Begin your copy at the line holding "1898-p Rainbow Toned" and end it at the last line of the listing. Keep every line exact and leave out the pictures.

Dataset section:
- Opening Delimiter -

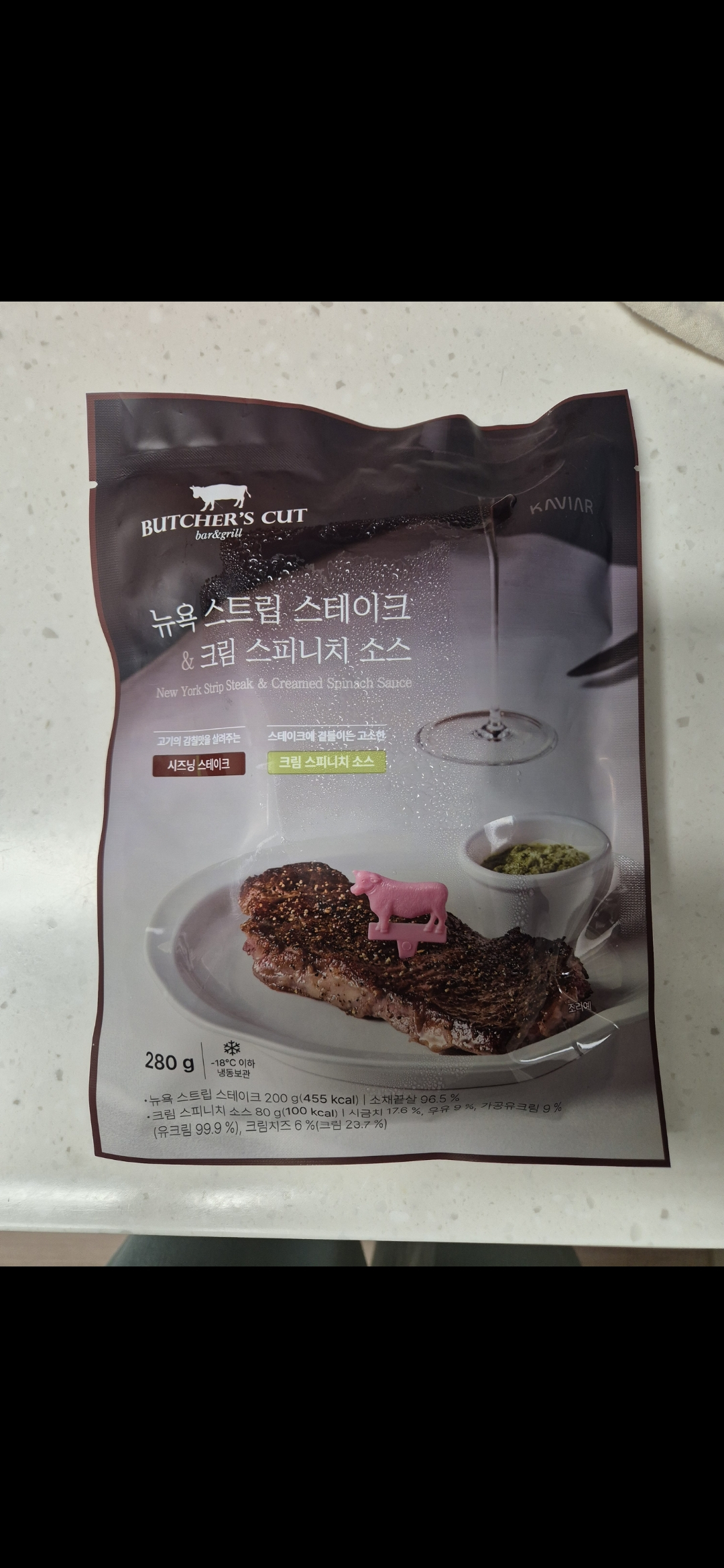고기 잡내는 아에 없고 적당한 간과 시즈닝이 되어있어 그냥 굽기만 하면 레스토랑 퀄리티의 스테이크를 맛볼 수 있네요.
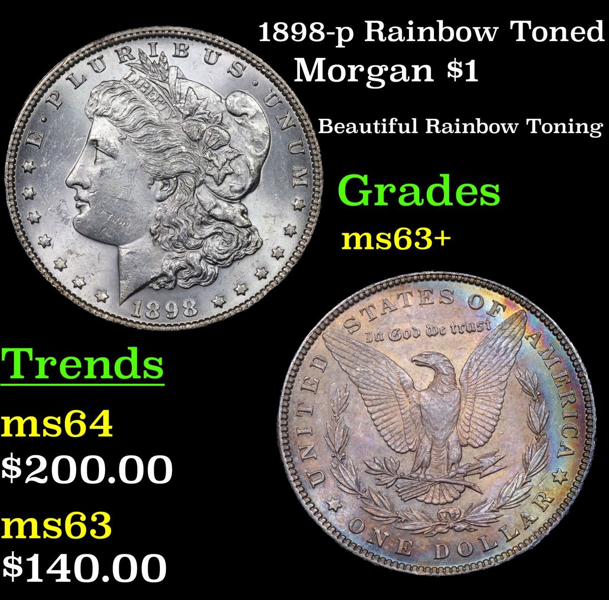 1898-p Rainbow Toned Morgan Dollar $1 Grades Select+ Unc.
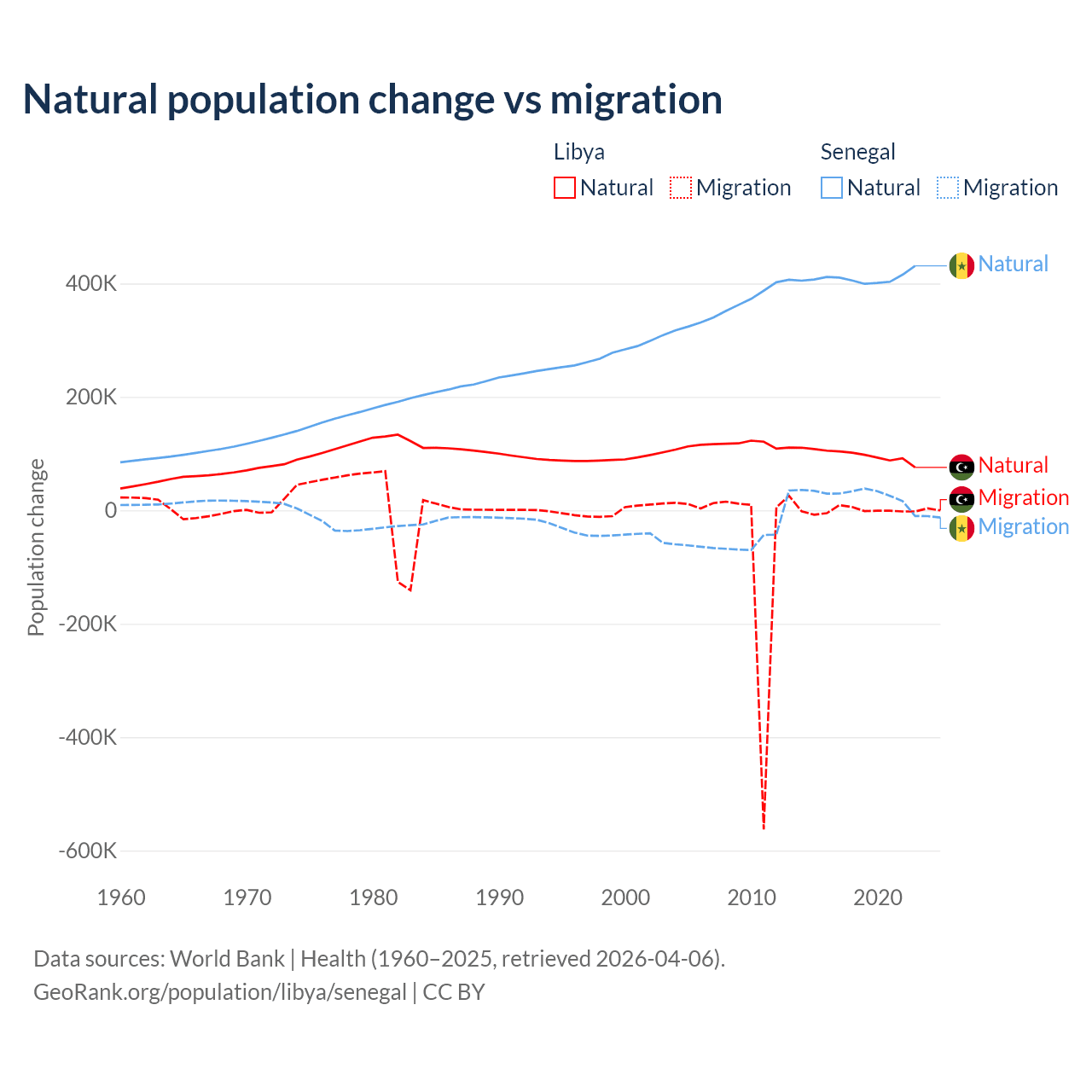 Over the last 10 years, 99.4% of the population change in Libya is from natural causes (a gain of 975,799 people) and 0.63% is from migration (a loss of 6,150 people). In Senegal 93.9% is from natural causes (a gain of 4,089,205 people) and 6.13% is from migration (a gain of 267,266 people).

- Closing Delimiter -

Solved problem:
 1898-p Rainbow Toned Morgan Dollar $1 Grades Select+ Unc.
 Over the last 10 years, 99.4% of the population change in Libya is from natural causes (a gain of 975,799 people) and 0.63% is from migration (a loss of 6,150 people). In Senegal 93.9% is from natural causes (a gain of 4,089,205 people) and 6.13% is from migration (a gain of 267,266 people).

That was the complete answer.